Одно спасало: Николай Филиппович, как ему казалось, нашел верный тон в разговоре с Антониной Андреевной - это был, что ли, отечески-покровительственный тон, Николаю Филипповичу удавалось прятать свое отношение к Антонине Андреевне и вместе с тем был выход для его нежности.
Он видел, что ей горько живется, что она не защищена, и он постоянно жалел ее.
- Вы поработайте там до обеда и уже не приходите сюда, - говорил он мягко, стараясь, чтоб в голосе его не было напряженности. - Вот мой вам совет: погуляйте по губинскому парку, он ведь очень красив. Свежий воздух всем полезен.
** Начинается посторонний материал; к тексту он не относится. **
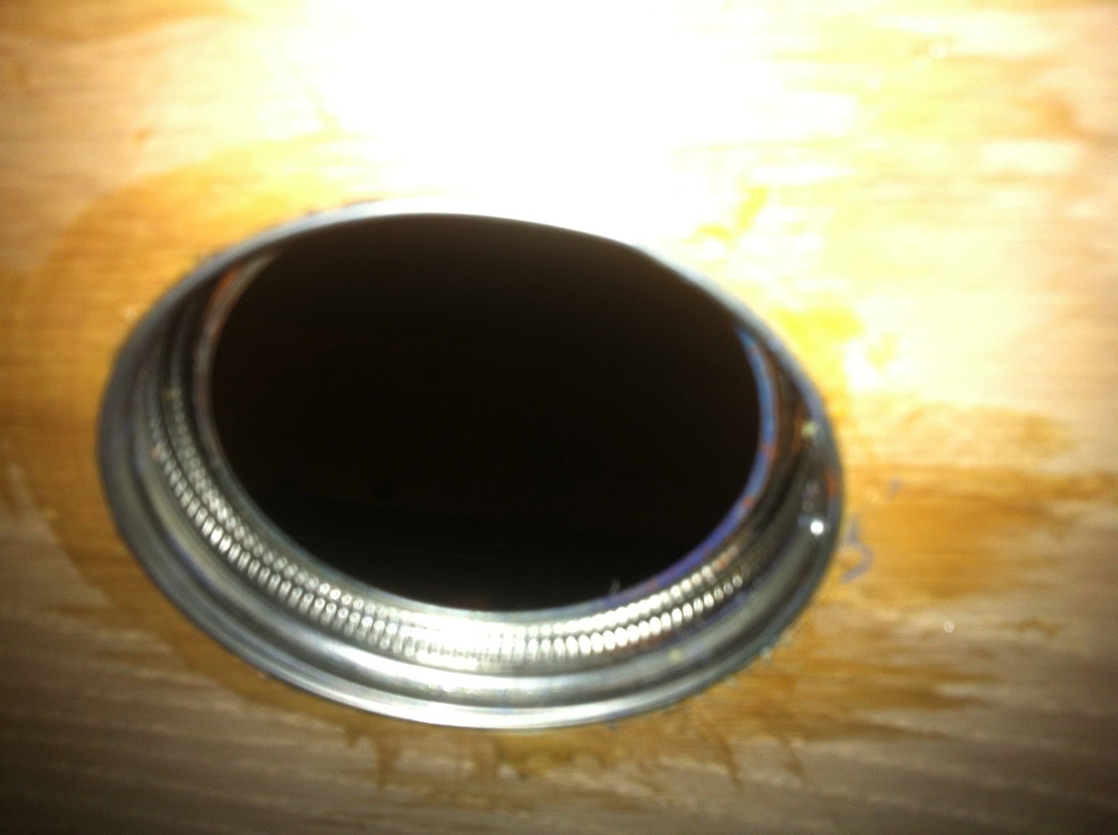 Then I epoxied the lids into the holes, using 4 grooved braid nails on the inside of each top to add the their stability to compensate for the torque when turning the jars out. You can see the braids from the underside of the table.
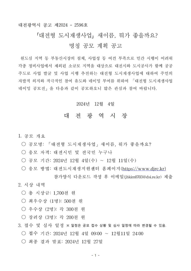 대전광역시 공고 제2024 - 2596호

Вы, я надеюсь, не исключение.
И когда Антонина Андреевна, улыбнувшись, кивала головой, он понимал, что ей приятен этот отеческий тон, что она слаба и ей нравится, что пожилой начальник ненавязчиво опекает ее, да и потом он, надеяться следует, деликатен. Конечно, она замечала, что с ней он говорит мягче, чем с прочими подчиненными, конечно, замечала она, входя утром в комнату и здороваясь с Николаем Филипповичем, что он излишне рад ее приходу, что в лице его, в глазах главным образом, есть некое выражение, лишнее для просто начальника.
Но да ведь это же не вязкость, не двусмысленность, а это просто нежность, а она никого не может задеть, напротив того, она в силах отогреть любое сердце.
Однажды Антонина Андреевна спросила:
- Хирург Нечаев ваш родственник или однофамилец?
- Сын.
- Он оперировал мою мать.
- А вы его самого знаете?
- Восемь лет учились в соседних классах. Что у него нового?
- А сын у него. Мой внук, то есть. В мою честь и назван. - И Николай Филиппович принялся рассказывать про внука - и как он весело смеется во сне, и как любит хватать деда за нос, но это ему не всегда удается - нос у деда картошечкой, что и говорить, - и какие у внука нежнейшие прозрачные мозоли на губах.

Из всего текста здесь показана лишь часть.